Molecular Biology of the Cell ◽

10.1091/mbc.10.12.4341 ◽

1999 ◽

Vol 10 (12) ◽

pp. 4341-4353 ◽

Cited By ~ 78

Author(s):

Jennifer L. Hicks ◽

Wu-Min Deng ◽

Aaron D. Rogat ◽

Kathryn G. Miller ◽

Mary Bownes

Keyword(s):

Male Sterility ◽

Germ Line ◽

Critical Role ◽

Leading Edge ◽

Cytoskeletal Proteins ◽

Loss Of Function ◽

Unconventional Myosin ◽

Membrane Reorganization ◽

Cytoplasmic Bridges ◽

Mitosis And Meiosis

We have identified partial loss of function mutations in class VI unconventional myosin, 95F myosin, which results in male sterility. During spermatogenesis the germ line precursor cells undergo mitosis and meiosis to form a bundle of 64 spermatids. The spermatids remain interconnected by cytoplasmic bridges until individualization. The process of individualization involves the formation of a complex of cytoskeletal proteins and membrane, the individualization complex (IC), around the spermatid nuclei.
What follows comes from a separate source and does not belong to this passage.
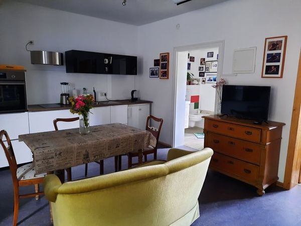 Ein gemütliches 140er Schlafsofa, eine voll eingerichtete Küchenzeile mit Essecke und Sitzsofa, einem Fernseher und einem hübschen Bad. Auf Anfrage steht ein DVD-Player sowie Filme aus der umfangreichen hausinternen DVD-Sammlung zur Verfügung. Kostenfreies W-Lan sowie Bett- und Badwäsche sind enthalten, das Auto kann ggf. direkt vor der Haustür geparkt werden. Für Fahrräder steht ein von fast allen Seiten abgeschlossenes Carport zur Verfügung.

This complex traverses the length of each spermatid resolving the shared membrane into a single membrane enclosing each spermatid. We have determined that 95F myosin is a component of the IC whose function is essential for individualization. In wild-type testes, 95F myosin localizes to the leading edge of the IC. Two independent mutations in 95F myosin reduce the amount of 95F myosin in only a subset of tissues, including the testes. This reduction of 95F myosin causes male sterility as a result of defects in spermatid individualization. Germ line transformation with the 95F myosin heavy chain cDNA rescues the male sterility phenotype. IC movement is aberrant in these 95F myosin mutants, indicating a critical role for 95F myosin in IC movement. This report is the first identification of a component of the IC other than actin. We propose that 95F myosin is a motor that participates in membrane reorganization during individualization.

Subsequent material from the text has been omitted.